The country in Europe with the best results in PISA tests launch a program to provide students with skills


Artificial intelligence, photo: shutterstock
Estonia annestrates a national initiative called Leap, who will equip students and teachers with “world artificial tools and skills,” The Guardian reports.
Currently, the Baltic State negotiates with Openai to obtain the necessary licenses for each student to have an AI account, in an effort to make Estonia a test laboratory for artificial intelligence in schools. The goal is to provide free access to the top learning tools for 58,000 students and 5,000 teachers by 2027. The process must start in September with young people aged 16 and 17.

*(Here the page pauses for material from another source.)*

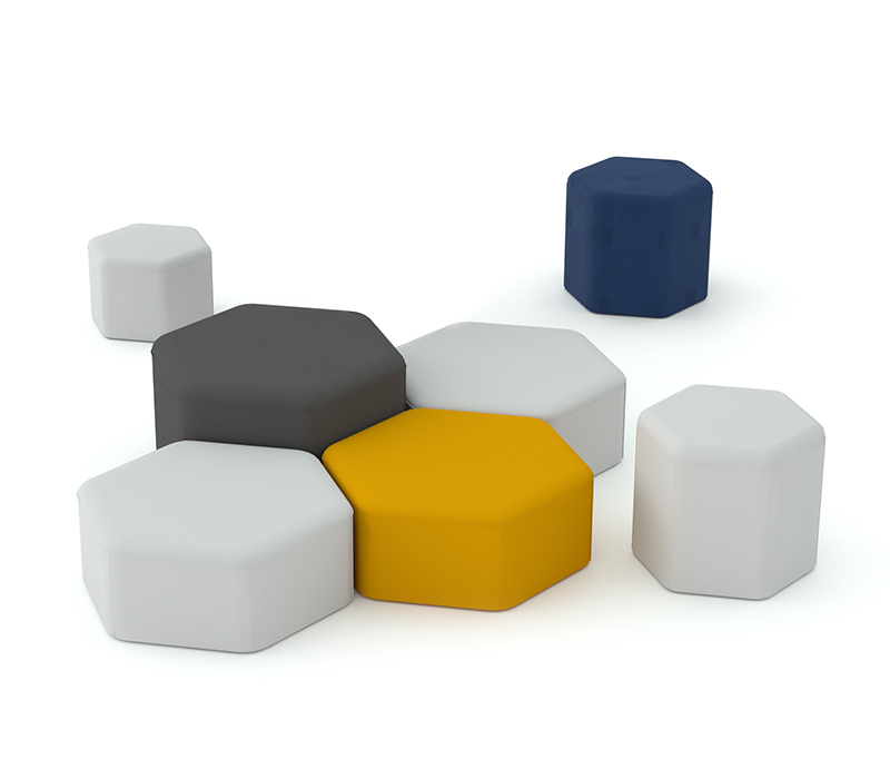 Perfeitos para serem usados em composições do tipo ilha, com tamanhos e alturas variados, criando diferentes espaços sensoriais, alegres e divertidos.

The Baltic Country, which has a population of 1.4 million inhabitants, is the most efficient European state within the program of the organization for cooperation and economic development for the international evaluation of students (PISA tests).
In the most recent round of Pisa tests, which took place in 2022 and whose results were published a year later, Estonia ranked first in Europe in mathematics, sciences and creative thinking and second after Ireland at reading. Former part of the Soviet Union, Estonia now outclasses countries with a much larger population and larger budgets.
There are several reasons for Estonia's success, according to The Guardian, calling on digital tools in schools being one of the characteristics that differentiate it from the rest of Europe. While England and other countries restrict the use of the phone in school because they undermine concentration and mental health, Estonia teachers actively encourage students to use the phone as a learning tool.
Based on the AI LEAP program, teachers will be trained in the field of technology, focusing on self-learning and digital ethics and giving priority to educational equity and literacy in the field. Officials say that Estonia will become “one of the most intelligent nations that use artificial intelligence, not just the most saturated technology.”
“I know the skepticism and prudence of most European countries on screens, mobile phones and technology. The thing is that, in the case of Estonia, the society in general is much more open and prone to the use of digital tools and services. Teachers are not different,” said Kristina Kallas, Estonian Minister of Education and Research. World education.
Instead of trying to resist new technologies, Estonia hugged them. In 1997, within the Tiigrihüpe program (Tiger's jump), huge investments were made in computers and network infrastructure. All schools were quickly connected to the Internet. Now, smartphones and artificial intelligence are considered the next step.
Kallas described the programs as a revolution of artificial intelligence that involves the end of the essays for homework, a renunciation of the learning model memorizing/repeat/application that has been based for hundreds of years and a transition to oral exams. The challenge is to develop higher cognitive skills among young people, because artificial intelligence can do the rest better and faster.